There are things that absolutely turn me on and get me going. But those things tend to be information, beauty, the way things move, integration, sensations, certain acts, and certain sounds. My sexual desire isn’t so much directional as it is an omnipresent sensual extension of my thoughts and experiences.

In that sense, I’m not turned on by other people, per se. I do find certain people and particular acts visually stimulating and aesthetically pleasing, but I don’t feel any pull towards those people. When I masturbate, I use what I’m familiar with and find beautiful or think of people I know, people from whom I have permission to use their image in that way. And it’s great because I can pull from actual memories of deliciously sexy times and it makes me feel that much closer to them.

I know, what kind of weirdo actually masturbates to their own partners…

But for me, I can’t just watch any porn or imagine any celebrity because I won’t feel anything for them. Unless I can connect to what it is, unless I have a personal context with it, it doesn’t affect me. Actually, most of it I find visually and emotionally repulsive. It’s not beautiful bodies doing beautiful things; it’s more like a car crash composed entirely of clowns.

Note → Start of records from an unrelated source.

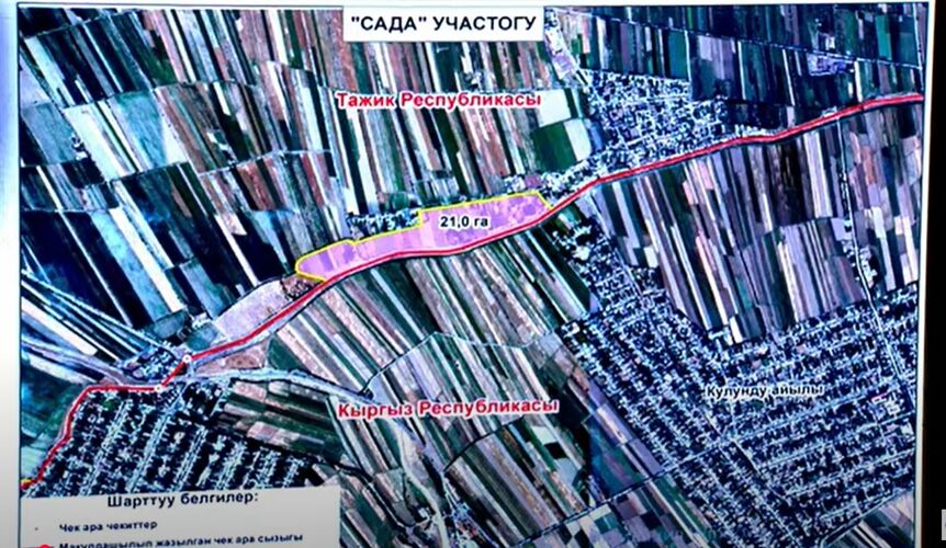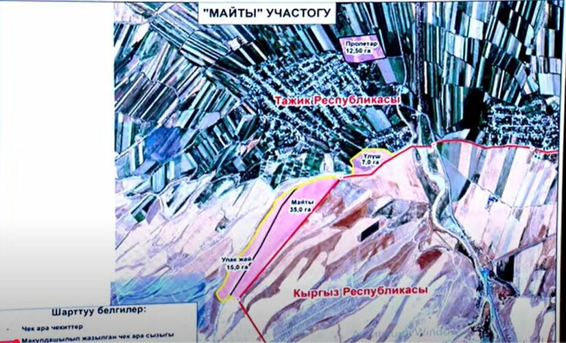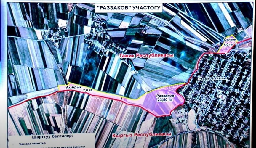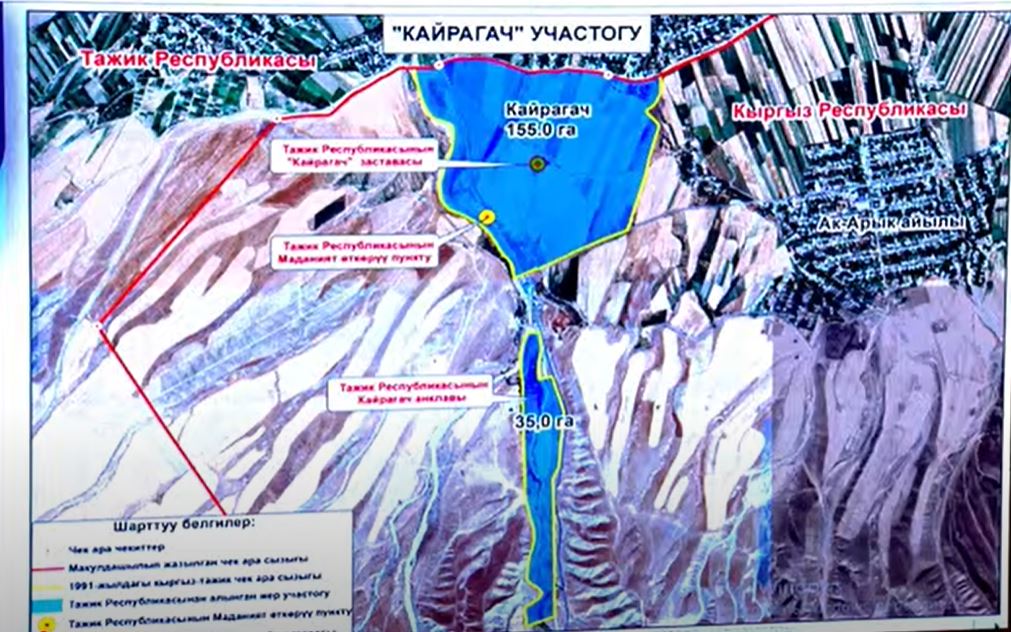 «В Лейлекском районе мы взяли участок Кайрагач — 155 гектаров, 35 гектаров анклава Кайрагач. Баткенские депутаты хорошо знают эту местность. Вот это все было таджикской землей — 155 гектаров, а вот эти 35 гектаров — были анклавом. Таджики считали это своей землей. Конечно, документально это не было закреплено, но мы морально с этим соглашались, что и 155 гектаров, и 35 гектаров — их земля, там была их застава, они контролировали территорию. Там есть село, около 10 домов, где живут кыргызы, но получилось, что территорию контролировали соседи», — сказал Ташиев.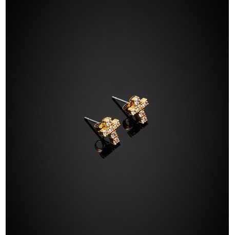 Orecchini a lobo a forma di croce con zirconi, placcati oro. Croce: 7x9x2 mm (LxAxP)
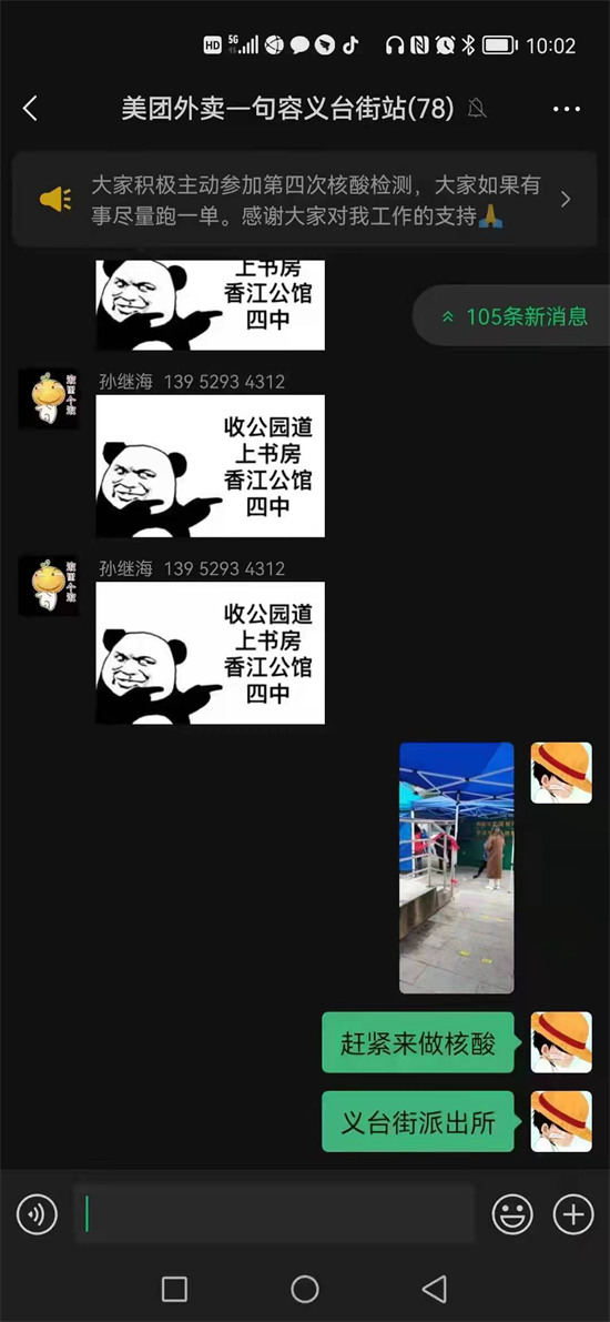 义台街社区想群众之所想,社区书记樊海燕特意找到外卖骑手们,告诉他们到五彩城警务站检测点来做核酸,同时避开人多的时间,并让他们在骑手群中转发,起到了很好的效果,不用排队,来了就做,做了就走。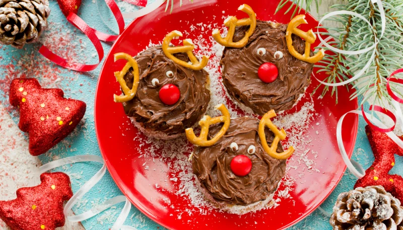 3° Pour la déco, faites fondre le chocolat blanc, formez des cercles ovales pour former les yeux et laissez refroidir. Ensuite déposez-les sur les gâteaux, ajoutez le reste de chocolat noir fondu pour fair les pupilles. Déposez les Smarties au niveau du nez. Cassez les bretzels en deux et placez-les pour former les cornes. Dégustez.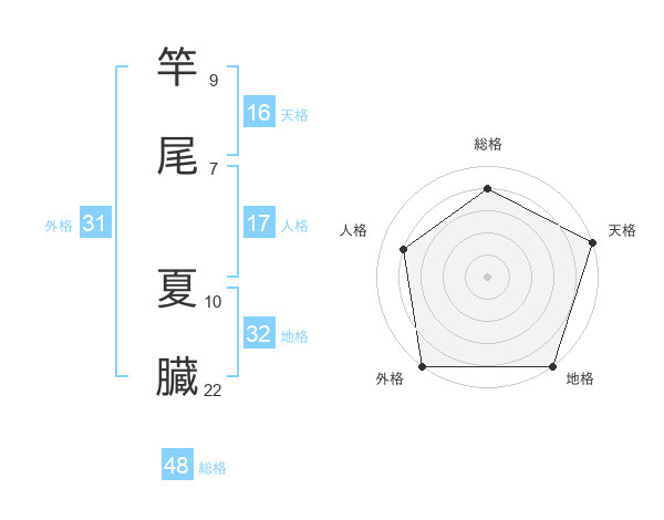 竿尾 夏臓さんを姓名の画数から五運を鑑定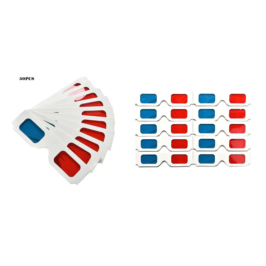 50pcs/100pcs/10pcs/lot Universal Paper Anaglyph 3D Glasses Paper 3D Glasses View Anaglyph Red/Blue 3D Glass For Movie Video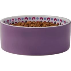 - Bright, poppy ceramic cat dish with solid purple around the outside.
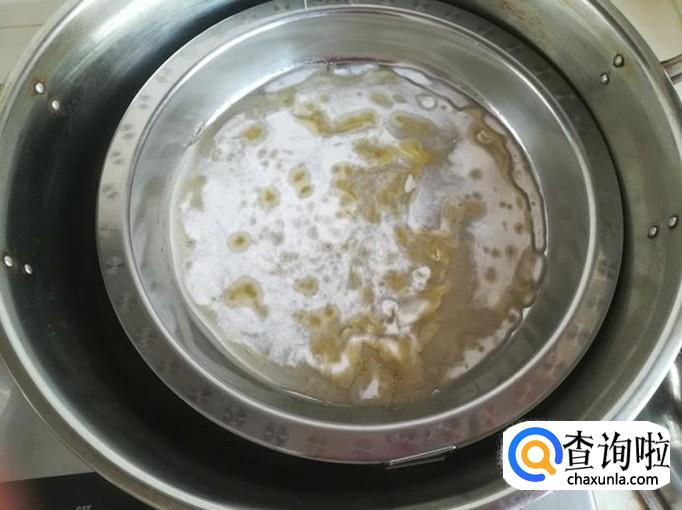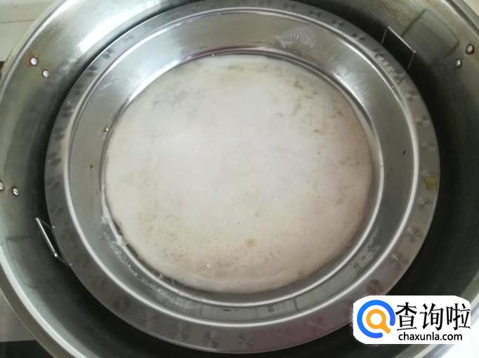把粉盘放开水锅里加热后拿出来,给粉盘里舀适量粉糊 ,两手转动,把粉糊摊匀,再放会开水锅里,盖上锅盖,隔水蒸煮。
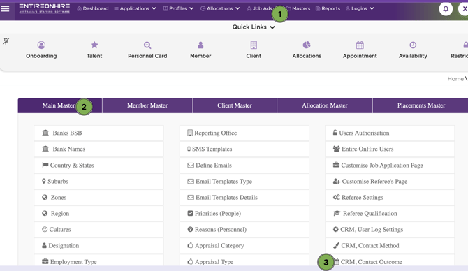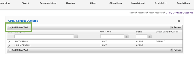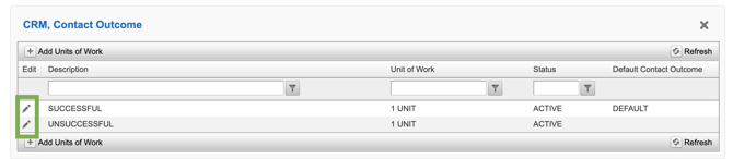 To edit an outcome, you press the edit icon on the far left of any item in the masters, then you change the about settings as appropriate. To remove an outcome, you must first ensure that there are no contact logs with this particular outcome, and then you set the status to INACTIVE.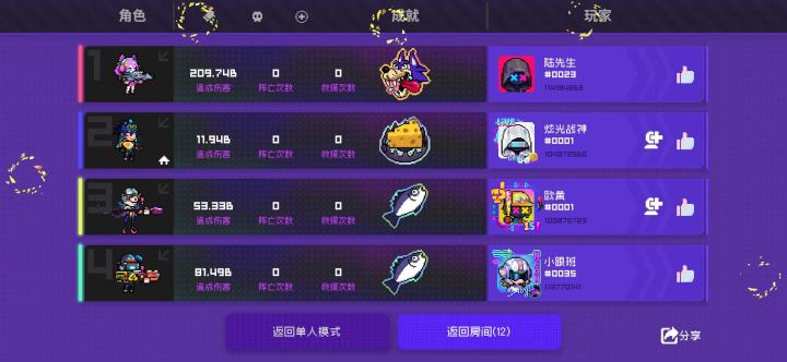 其余三个人满图跑找怪打,最后打完伤害结算出乎意料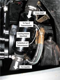 The "cooling water manifold" is more commonly called a transmission oil cooler.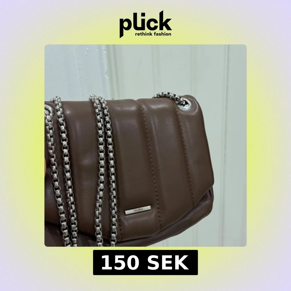 Snygg brun axelväska från Bershka med quiltad design och silverfärgad kedja som axelrem. Väskan är tillverkad i skinnimitation och har ett stilrent, rektangulärt format.

Not even the sexy ones. I mean the ones that haunt your nightmares. Like “It”.

And if the characters or people aren’t lustful or connected to one another or themselves then it’s just empty and devoid of meaning.

Mm, ok, so that’s an important discovery. Yes, for me the sexual must be meaningful. Not magical, not romantic, not even for a lifetime. It simply has to have some actual purpose other than masturbating with someone else’s body or image (as in literally using them as a sex toy).

And my passion, my ecstatic, rapturous, and resonant love is hardly ever sexual in nature. Even when I find a body delightful and beautiful it’s more connected to finding the form and function fascinating rather than “sexy”. Hm, or rather, sexy isn’t something static. Sexy is a living embodiment, not ever something to be acted upon.

I love feeling sexual. I revel in how my body feels and responds along with my mind when I’m excited, when my partner does that thing that drives me crazy. I love how it changes and grows. I love letting Zack out to play. I love seeing their bodies change colors, how they thicken and inflate, how they breathe and dance. I love the fire in their eyes and that hint of fear as they see my beast come out, ready to devour them. It’s incredible.

And all without a drop of sexual attraction in most cases.

Of all my voluntary partners, pretty much all of them have yet to meet anyone as into it and delightful as me. Maybe that’s because my focus isn’t the sex or the game but the moment. And they have to be present with me.